To help someone who just wants to feel more positive about their current job, she would start by coaching the worker to create and nurture strong relationships “below, across and above in the organization.”
This may feel counterintuitive because when you are feeling unhappy with work, you mostly want to just put your head down, get your job done and get out of there.
But this is not an approach Saxer recommends. Instead, the idea is to create meaningful, positive interactions so you begin to see the job in a different way.
“This means literally blocking time in your calendar to stop by peoples’ desks. Or taking some time on the way to the bathroom or wherever for a quick hello, check in, friendly exchange,” Saxer says. “This means planning several weeks ahead to schedule at least one lunch or coffee per week with a colleague.”
For a while, this strategy worked for Tasha Bishop, of North Bend. She was hired at a small, Bellevue-based software startup, where she thought she could make a difference by coaching and mentoring the employees.

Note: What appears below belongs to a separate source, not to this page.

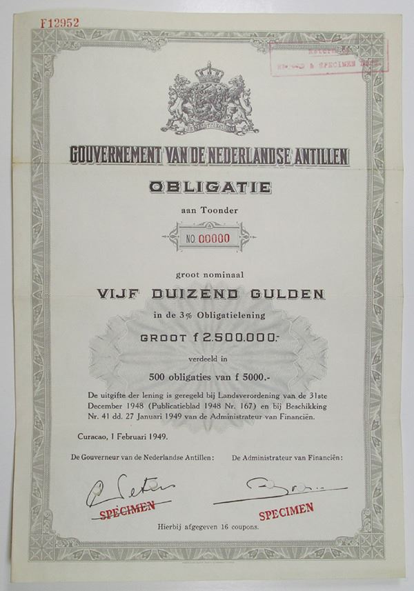 Curacao, Netherlands Antilles, 1949. Specimen 3% Coupon Bond in Dutch, Black text with gray border and undertint, Netherlands coat of arms depicted at top center. Red specimen overprints, 00000 serial number, and POCs. VF condition, ABNC.

But within two months, the CEO had decided that Bishop might not be the right person for the job. She then worked even harder to prove him wrong.
When she realized the pressure had become so intense that she was carrying the stress home at the end of the day, she had an idea. Though she felt drained, she invested more energy in her relationships with the clients and staff.
“Looking back, I realized that I learned so much,” says Bishop.
She found a renewed sense of purpose. She eventually left the company, but developed lasting bonds with her colleagues and customers.
She may not have realized it at the time, but Bishop was practicing a form of “job crafting,” a concept where people can redesign their current job and focus on the tasks or relationships that make their work more meaningful.
Professor Amy Wrzesniewski from the Yale School of Management describes this as more than just reframing the way we think about our jobs, but taking active steps to add or remove the job tasks that fit with our values and strengths. The result is a happier employee.
But sometimes, all the relationship-building and job crafting in the world won’t help. If this is the case, the time to quit is when you start dreading Sunday nights.
“Not just regret that the weekend is over, but that heavy, awful feeling,” Saxer says.
She recommends that her clients track that feeling over time so they can see whether it is a serious issue and not just a bad week.
Either way, it’s always a good idea to also build relationships and network outside of your current organization, keeping an ear to the ground for an opportunity that feels like a better fit.